Problem to work on:
A faithful copy of all the data is the goal; omit the pictures.

BEGIN Information provided

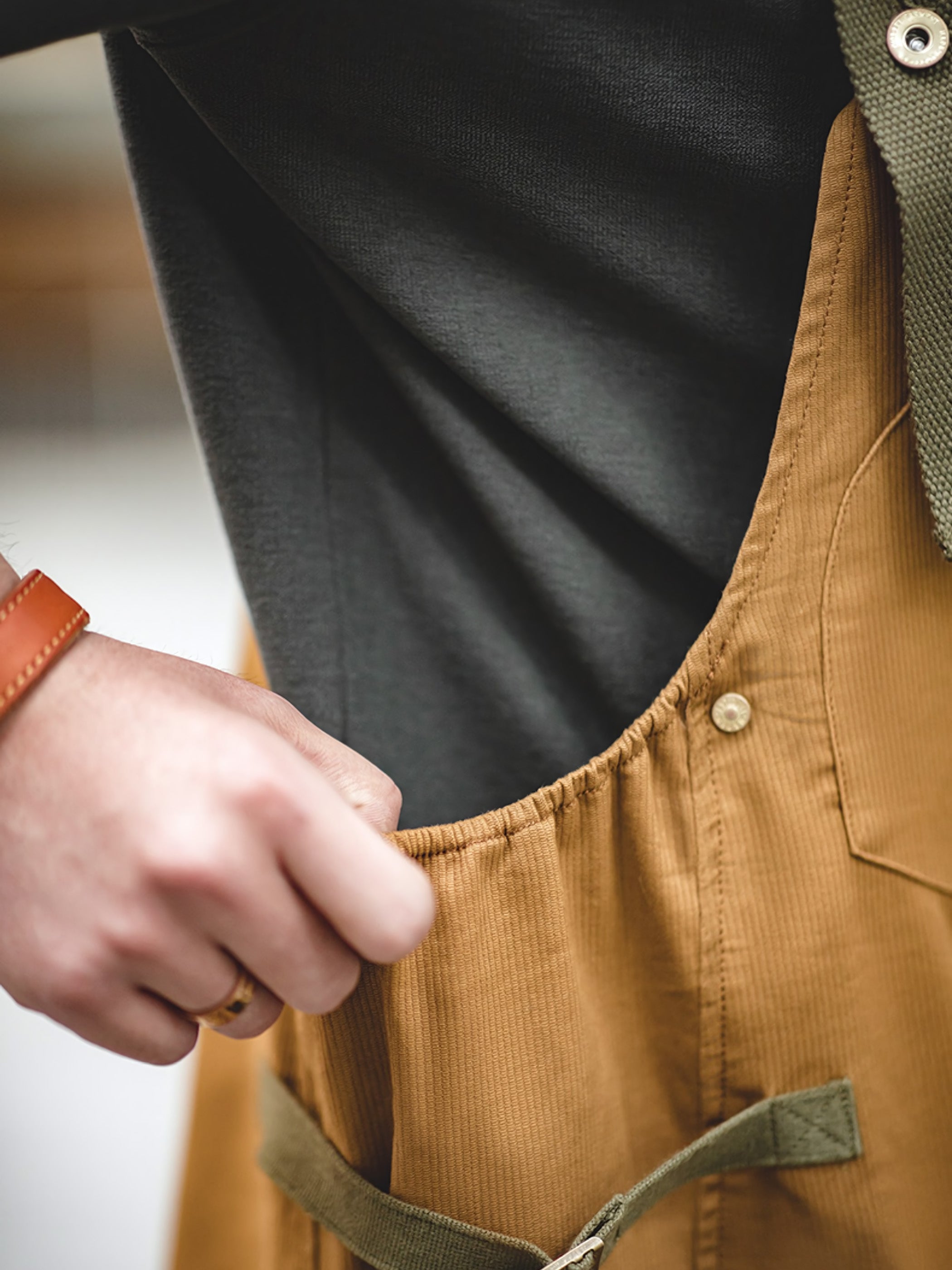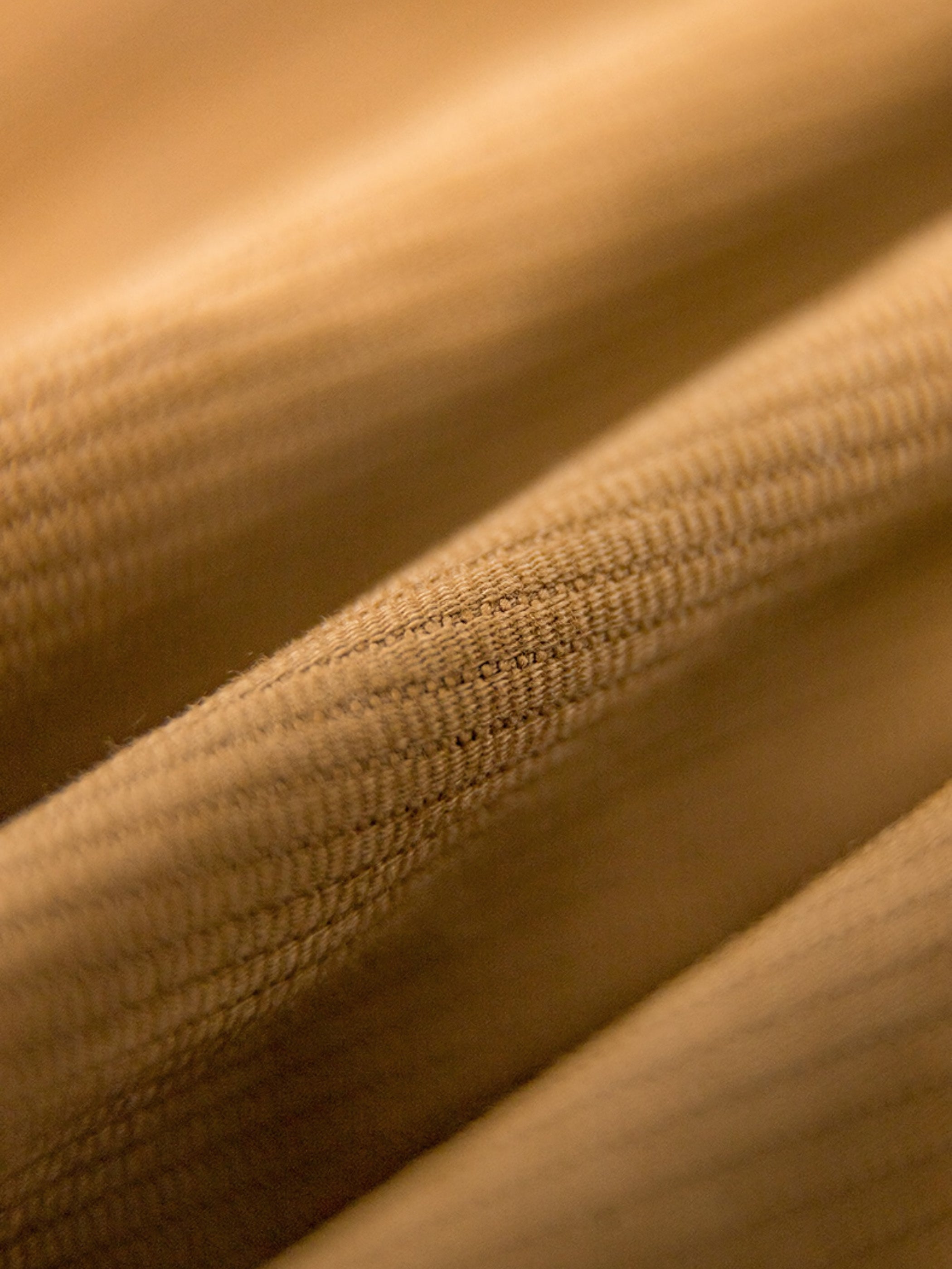 このアイテムはくっきりとした細かいコーデュロイ素材を使用しています。コーデュロイ素材は、パイル繊維の間に空気層を保持するため、保温性と吸湿性に優れています。また、縦糸にスパンデックスを使用することで、程よい伸縮性を実現しています。シワになりにくく、経年変化による味わいも楽しめるのが魅力です。
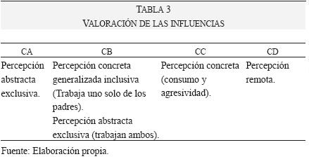 Valoración de las influencias. Las familias de clase alta tienen una percepción abstracta exclusiva de las influencias. Son conscientes de que la televisión es una fuente de influencia, pero ellos mismos se excluyen de ser objeto de las mismas. Las familias de clase media-media en las que ambos padres trabajan fuera de casa manifiestan en sus discursos una posición muy parecida a la que acabamos de describir. En el caso de familias de esta misma clase en las que solo trabaja uno, en la mayoría el padre, tienen una percepción concreta inclusiva de las influencias de los medios. Son muy conscientes de la posibilidad de que la televisión influya negativamente en ellos y en sus propios hijos pudiendo fomentar conductas que no serían aceptadas por los padres. Además, describen de forma concreta actitudes en sus propios hijos que consideran efecto de los contenidos televisivos a los que se exponen habitualmente. Las familias de clase media-baja también tienen una percepción concreta inclusiva, con la diferencia de que en este caso las situaciones de influencia que expresan en la mayoría de los ejemplos están relacionadas con el consumo. Las familias de clase baja tienen una percepción remota de las influencias. No tienen ideas claras sobre este término ni les preocupa especialmente. En algunas ocasiones aluden a cómo la televisión incita al consumo o a la agresividad.
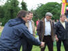 Redcastle F.C., manager, Brian Bell, in the stocks for the sponge-throwing competition.
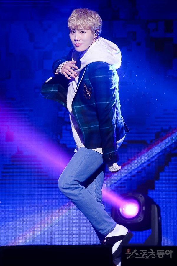 워너원 출신 가수 하성운이 27일 서울 광진구 예스24 라이브홀에서 열린 첫 번째 솔로 미니앨범 ‘My Moment’ 발매 기념 기자간담회에서 열정적인 무대를 펼치고 있다.
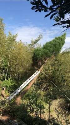 枝を切って根元を切り、綱引きで倒す。
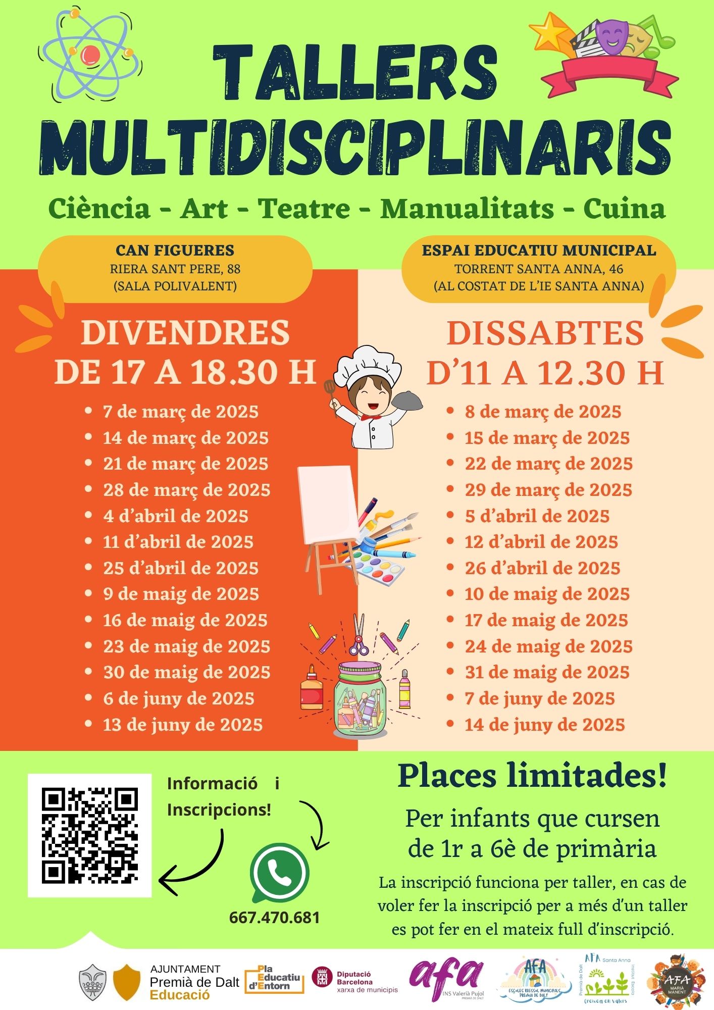 L’Ajuntament de Premià de Dalt, en el marc del Pla Educatiu d’Entorn (PEE), ha organitzat una nova activitat adreçada a l’alumnat de 1r a 6è de primària: TALLERS MULTIDISCIPLINARIS
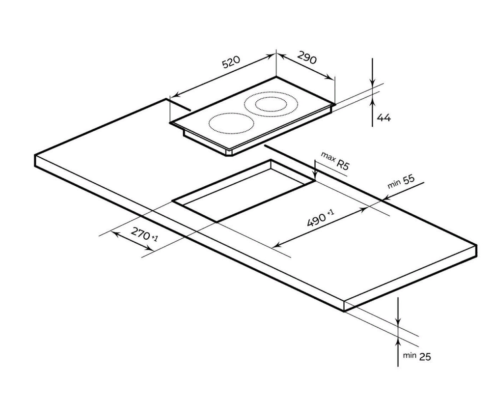 поверхность варочная стеклокерамическая, 30 см, черный, скошенные края

END Information provided

Response for this exercise:
 このアイテムはくっきりとした細かいコーデュロイ素材を使用しています。コーデュロイ素材は、パイル繊維の間に空気層を保持するため、保温性と吸湿性に優れています。また、縦糸にスパンデックスを使用することで、程よい伸縮性を実現しています。シワになりにくく、経年変化による味わいも楽しめるのが魅力です。
 Valoración de las influencias. Las familias de clase alta tienen una percepción abstracta exclusiva de las influencias. Son conscientes de que la televisión es una fuente de influencia, pero ellos mismos se excluyen de ser objeto de las mismas. Las familias de clase media-media en las que ambos padres trabajan fuera de casa manifiestan en sus discursos una posición muy parecida a la que acabamos de describir. En el caso de familias de esta misma clase en las que solo trabaja uno, en la mayoría el padre, tienen una percepción concreta inclusiva de las influencias de los medios. Son muy conscientes de la posibilidad de que la televisión influya negativamente en ellos y en sus propios hijos pudiendo fomentar conductas que no serían aceptadas por los padres. Además, describen de forma concreta actitudes en sus propios hijos que consideran efecto de los contenidos televisivos a los que se exponen habitualmente. Las familias de clase media-baja también tienen una percepción concreta inclusiva, con la diferencia de que en este caso las situaciones de influencia que expresan en la mayoría de los ejemplos están relacionadas con el consumo. Las familias de clase baja tienen una percepción remota de las influencias. No tienen ideas claras sobre este término ni les preocupa especialmente. En algunas ocasiones aluden a cómo la televisión incita al consumo o a la agresividad.
 Redcastle F.C., manager, Brian Bell, in the stocks for the sponge-throwing competition.
 워너원 출신 가수 하성운이 27일 서울 광진구 예스24 라이브홀에서 열린 첫 번째 솔로 미니앨범 ‘My Moment’ 발매 기념 기자간담회에서 열정적인 무대를 펼치고 있다.
 枝を切って根元を切り、綱引きで倒す。
 L’Ajuntament de Premià de Dalt, en el marc del Pla Educatiu d’Entorn (PEE), ha organitzat una nova activitat adreçada a l’alumnat de 1r a 6è de primària: TALLERS MULTIDISCIPLINARIS
 поверхность варочная стеклокерамическая, 30 см, черный, скошенные края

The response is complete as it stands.